What you will do: In the answer, give the entries below exactly, from the first line through the line with "골프존 로그인하니까 올해는 7월에 한게임쳤네요.", with every picture omitted.

Data supplied:
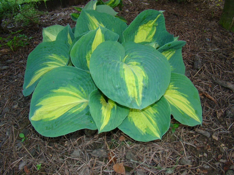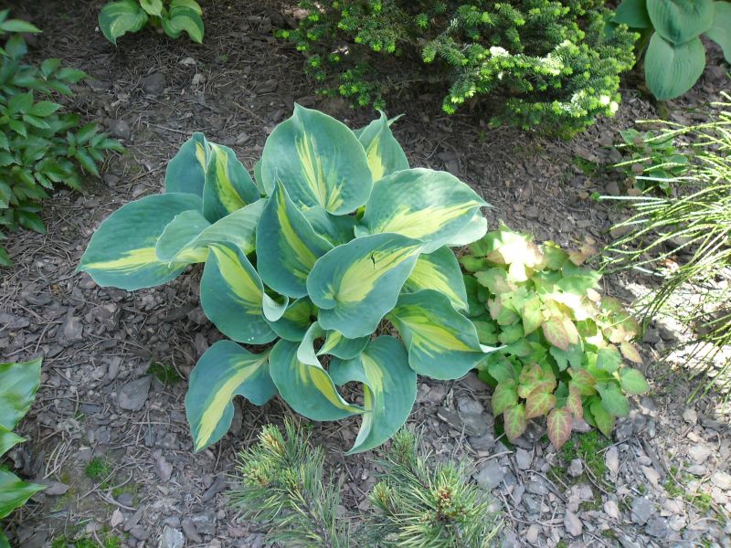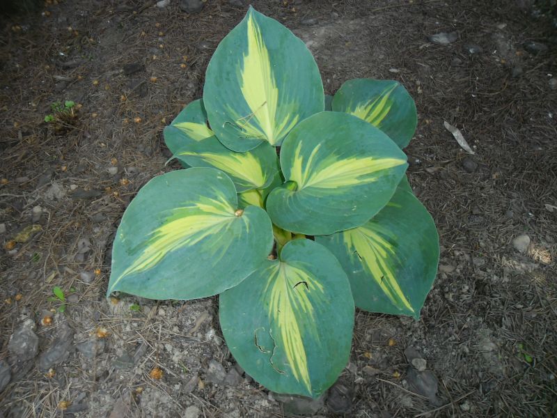 Liście: niemal okrągłe, ale ostro zakończone, niebiesko zielone z wąskim kremowym centrum; wiosną barwy sa bardziej nasycone - centrum jest żółtawe a margines niebieskoturkusowy
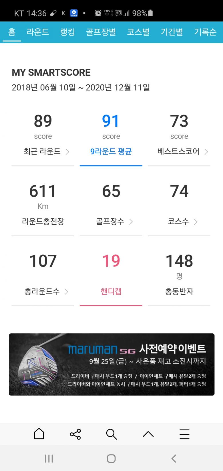 골프존 로그인하니까 올해는 7월에 한게임쳤네요.
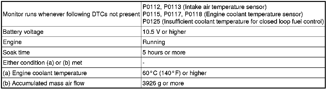 If the engine coolant temperature sensor value does not change after the warmed up engine is stopped and then the next cold engine start is performed, it is determined that a malfunction has occurred. If this is detected in 2 consecutive driving cycles, the MIL is illuminated and a DTC is stored.
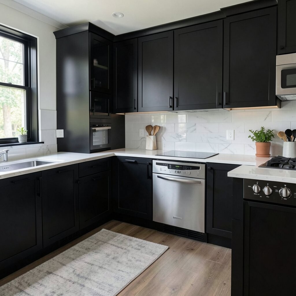 This choice works well because it adds contrast without feeling too loud. It can make light cabinets and pale walls stand out beautifully.
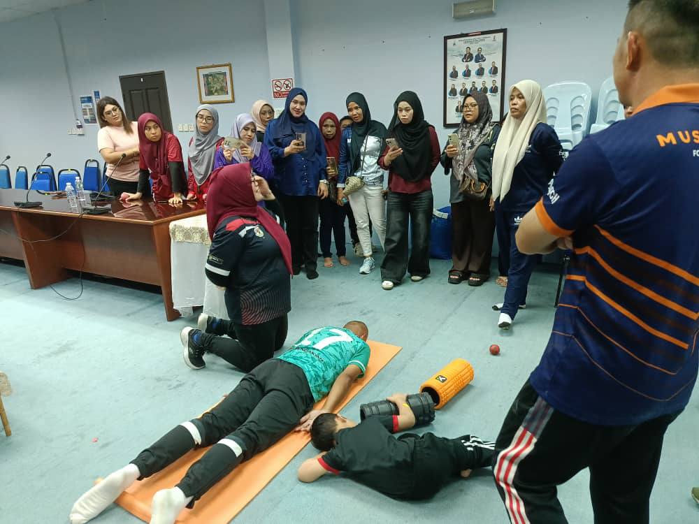 Sesi yang berlangsung di Bilik Mesyuarat, Kompleks Sukan Sandakan telah dikendalikan oleh Zuliana Bacho, Pensyarah Sains Sukan dan Pemulihan Fizikal UMS, yang berkongsi ilmu, demonstrasi praktikal serta panduan keselamatan dalam pelaksanaan teknik SMR.
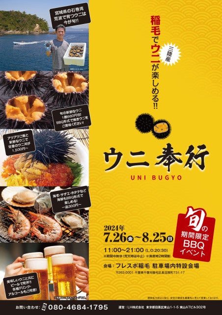 千葉:フレスポ稲毛で !三陸産▶▷殻付きウニ◁◀を炭火焼き!7/26-8/25の限定出店!激レア旬のウニを炭火で楽しむ『ウニ奉行 フレスポ稲毛店』
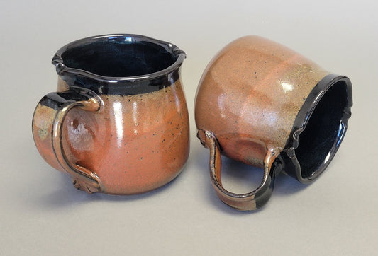 Set of 2 Large Concave handle Coffee Mugs in Glossy Black Rust Red
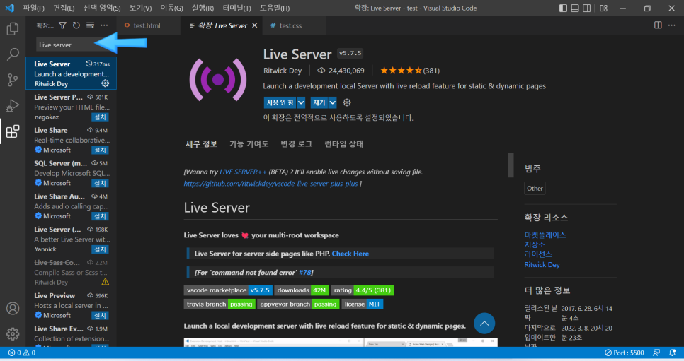 6) 바로 실행 화면이 나옵니다. Visual Studio Code 에서 실행한 파일의 코드를 변경한 후 저장하면 바로 변경화면으로 나옵니다.

Exercise response:
 Liście: niemal okrągłe, ale ostro zakończone, niebiesko zielone z wąskim kremowym centrum; wiosną barwy sa bardziej nasycone - centrum jest żółtawe a margines niebieskoturkusowy
 골프존 로그인하니까 올해는 7월에 한게임쳤네요.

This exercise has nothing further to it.